• _Exercise inputs_
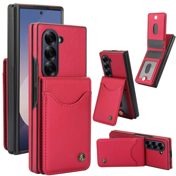 For Samsung Galaxy Z Fold5 AwQuer RFID Vertical Flip Card Bag Holder Leather Phone Case(Red)
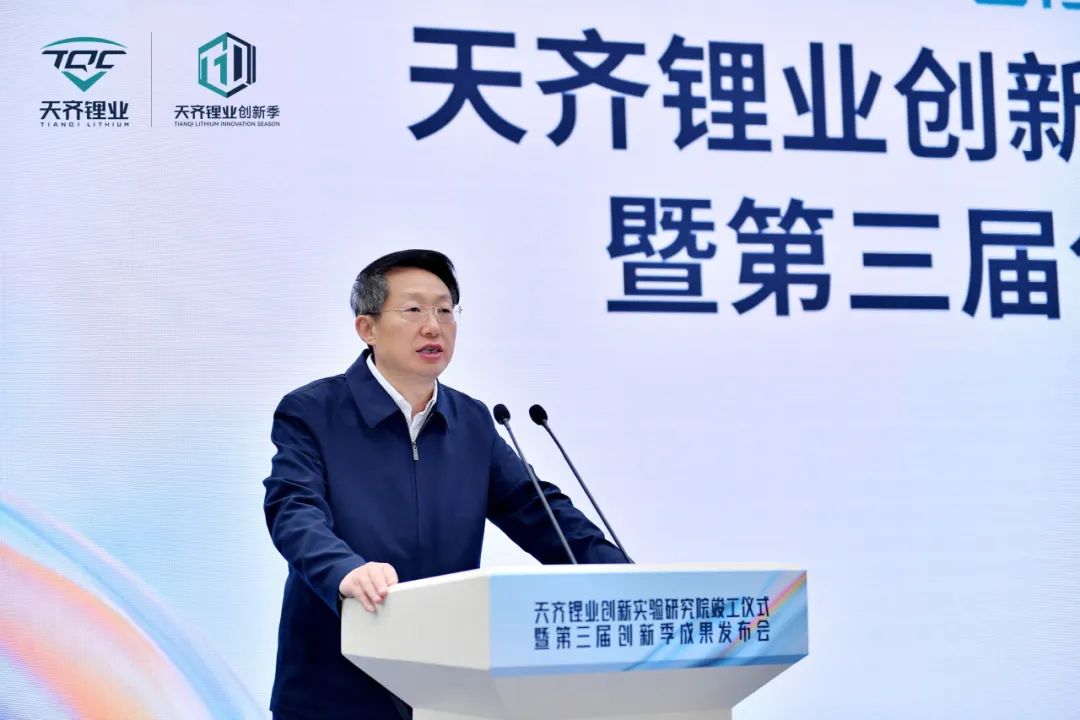 四川省人民政府副秘书长杨东生对天齐锂业创新实验研究院的竣工表示热烈祝贺。他指出,近年来,四川依托丰富的清洁能源和矿产资源优势,已初步建成世界级锂电产业基地。他强调,天齐锂业创新实验研究院的竣工为突破锂电关键材料核心技术奠定了基础,希望企业坚决扛起“链主”担当,持续强化产业协作,共同提升产业链韧性和安全水平。
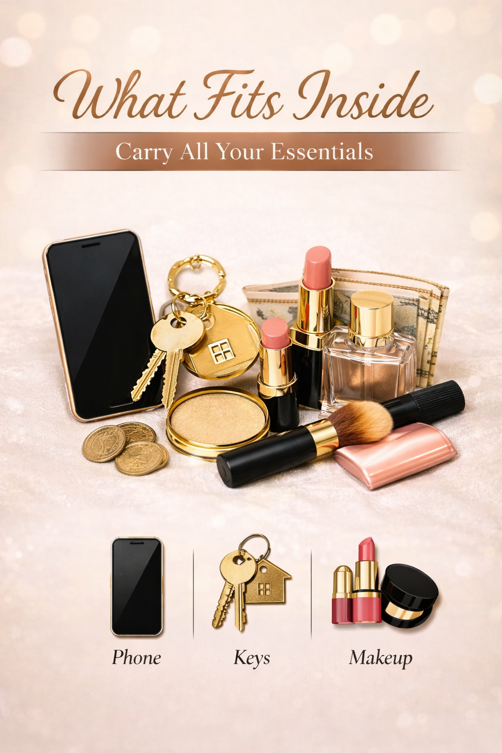 📱 Fits phone, cards, keys & lipstick easily
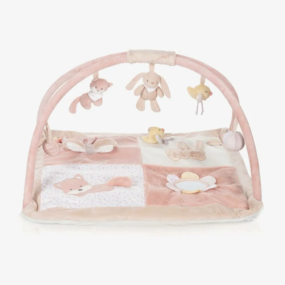 Lovely pink playmat for baby girls by Nattou, made in luxuriously soft plush. Padded for comfort, this fun play accessory includes over twenty five activities for your little one. From crackling paper and rattles to squeakers and silicone rings, it supports children's curious nature, engages all of their senses, and promotes development of their dexterity and fine motor skills. The arches have adorable rattle and squeaker hanging toys, and attach simply onto the mat with easy-to-use buckle clips.
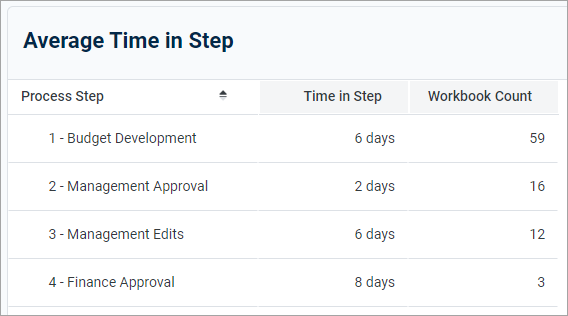 - Step statistics, such as average time spent in each step and number of workbooks in each step
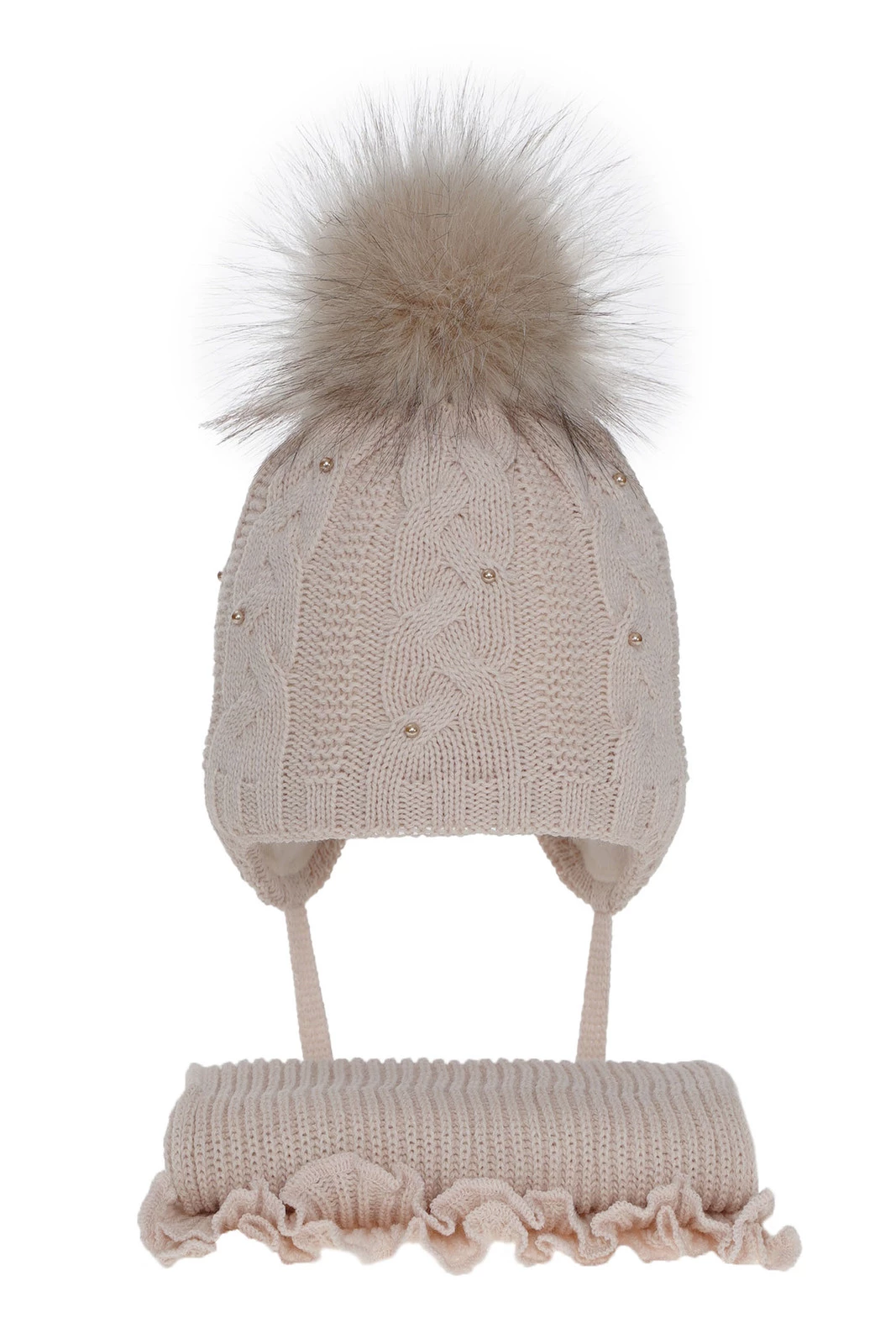 Komplet zimowy dla dziewczynki wyróżnia się starannie wykonanym warkoczowym splotem na czapce, który dodaje uroku i podkreśla dziewczęcy charakter. Eleganckie perełki stanowią subtelną ozdobę, idealnie komponującą się z całością. Delikatne troki nie tylko pełnią funkcję praktyczną, zapewniając stabilne utrzymanie czapki na głowie nawet podczas intensywnych zabaw, ale także dodają uroku całej stylizacji.
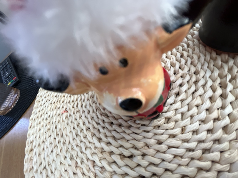 The image depicts a stationary ceramic figurine, possibly resembling a reindeer or a similar animal, positioned on a light tan, braided woven mat
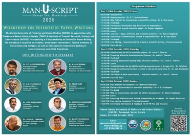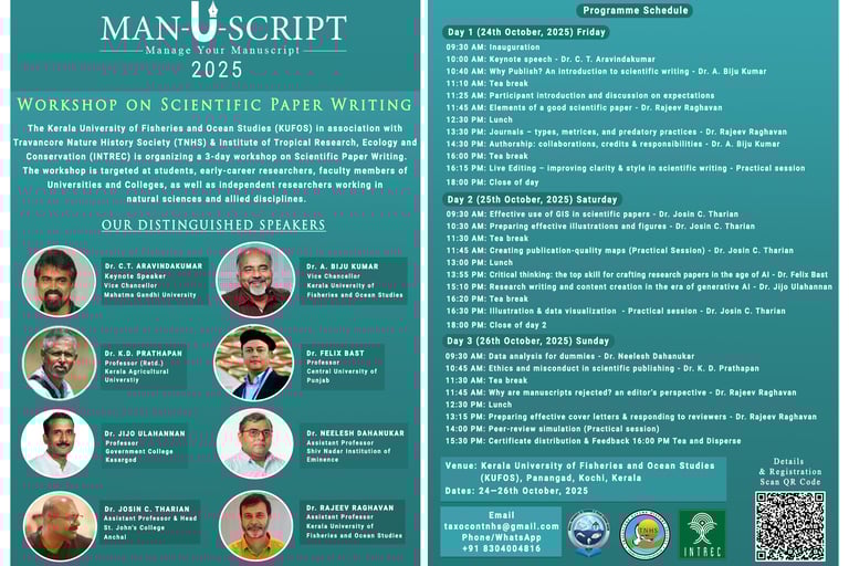 The Kerala University of Fisheries and Ocean Studies (KUFOS) in association with Travancore Nature History Society (TNHS) & Institute of Tropical Research, Ecology and Conservation (INTREC) is organizing a 3-day workshop on Scientific Paper Writing.
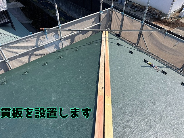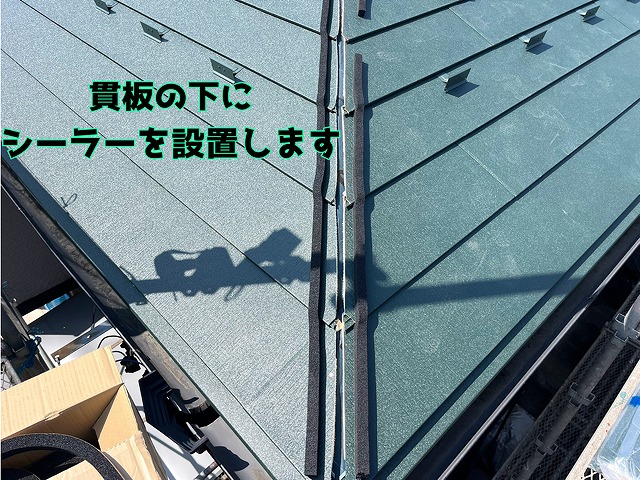 棟からの雨の浸入を防ぐため、防水シーラー(スポンジ製)を貼付けたあと、貫板(ぬきいた)を設置します。

• _What this task involves_
Everything from the line containing "The image depicts" to the final line of the listing above, both ends included, should be transcribed word for word, except for the pictures.

• _Exercise response_
 The image depicts a stationary ceramic figurine, possibly resembling a reindeer or a similar animal, positioned on a light tan, braided woven mat
 The Kerala University of Fisheries and Ocean Studies (KUFOS) in association with Travancore Nature History Society (TNHS) & Institute of Tropical Research, Ecology and Conservation (INTREC) is organizing a 3-day workshop on Scientific Paper Writing.
 棟からの雨の浸入を防ぐため、防水シーラー(スポンジ製)を貼付けたあと、貫板(ぬきいた)を設置します。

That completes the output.